Today I was doing a much more minor, but still important, lazy man DIY project. Picture the scene:
You’ve got yourself settled down in a good seat in front of the TV to see Inception on Blu-ray for the thousandth time (because it is incredible!) and drinks are being poured while everyone else gets seated. The lights had to be on whilst things were getting organised, so crisps and drink weren’t hurled everywhere, but now that everyone is settled, no-one wants to get up to turn the lights off. It’s a living nightmare!
What if; and this may just be crazy talk; you could turn the lights off without ever leaving your seat.

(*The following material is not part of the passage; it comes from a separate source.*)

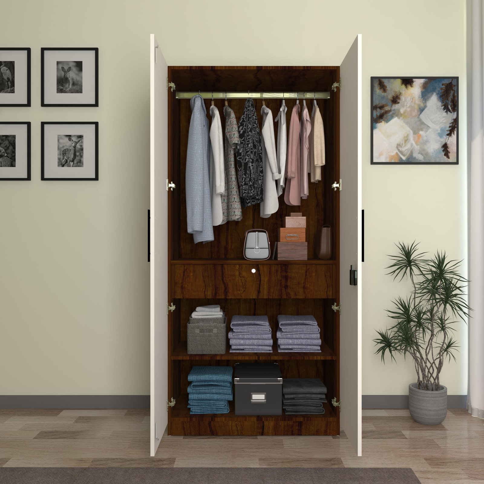 Hectra Wardrobe – 2 Door | Cupboard | Almirah with 3 Shelves, Soft-Close Hinges, & Hanging Rod | Colour – Brazilian Walnut & Frosty White

That’s the minor issue I will be addressing today, with this rather spiffy remote controlled dual dimmer setup. I’m no stranger to these things, as I have one fitted in my room and in the projector room. They are one of those little conveniences that just make life better in general. Sometimes you just have to enjoy the little things. All the fitting involves is turning off the power, removing the old dimmer switch, and rewiring the new switch in the same arrangement. There are two sets of lights, which is why there is a dual dimmer. I had to go for the larger “400w per gang” version because of the number of bulbs we have.

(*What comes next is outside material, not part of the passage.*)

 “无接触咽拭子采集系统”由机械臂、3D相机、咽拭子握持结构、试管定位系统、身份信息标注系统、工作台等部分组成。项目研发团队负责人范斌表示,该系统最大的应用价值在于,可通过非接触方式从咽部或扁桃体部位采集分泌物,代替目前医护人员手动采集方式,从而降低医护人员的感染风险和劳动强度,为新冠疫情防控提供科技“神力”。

The installation went as planned – all I needed to do was to remove the current dimmer and wire up the new one. Moving from a dimmer to another dimmer is always easier than a normal light switch to a dimmer, or perhaps that is just because a bad prior experience when I let dad at the last one. The house is getting closer and closer to being in the 21st century – I’ve got wireless access throughout the house which allows roaming between two hotspots; the printer is networked and accessible from all the computers without having to walk over and plug the USB cable in manually; and the rooms which require them are fitted with remote dimmers. Now, if the speaker cables are concealed beneath the carpet, and some network cabling is put underneath the floor then my job would almost be complete.

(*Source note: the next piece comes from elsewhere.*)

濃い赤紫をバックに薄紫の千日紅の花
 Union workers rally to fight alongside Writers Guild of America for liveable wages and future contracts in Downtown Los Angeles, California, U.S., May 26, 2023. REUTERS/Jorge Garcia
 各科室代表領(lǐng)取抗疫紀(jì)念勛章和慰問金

I have also been doing a lot of phone tweaking, with my Motorola Atrix, and dad’s new Samsung Galaxy Ace. The Ace is a relatively low power Android phone, but should provide a good first Android phone for him as it has all the features you need in a day to day phone. I could use it happily enough, but I would miss the processing power and fantastic resolution screen of the Atrix. So far, I’ve rooted, installed Clockworkmod, and upgraded the Ace from Gingerbread (2.3.6) to Jelly Bean (4.1). It was a relatively painless affair when I found the correct roms – much easier than my Atrix, which was a nightmare, and constantly left me fearing the worst. That I had bricked and made completely useless the phone I just spent too much money on. It was not an overly expensive purchase, but it was more than I would have liked to pay for a phone. I am also back on Jelly Bean on the Atrix as of last night. I downgraded to Gingerbread to try and make the phone more stable, and get a few more native features working, but the difference between 2.3 and 4.1 is just too much. I would rather have Jelly Bean any day. Though it is nice to have a fully working camera and video recorder, the benefits of JB outweigh the losses.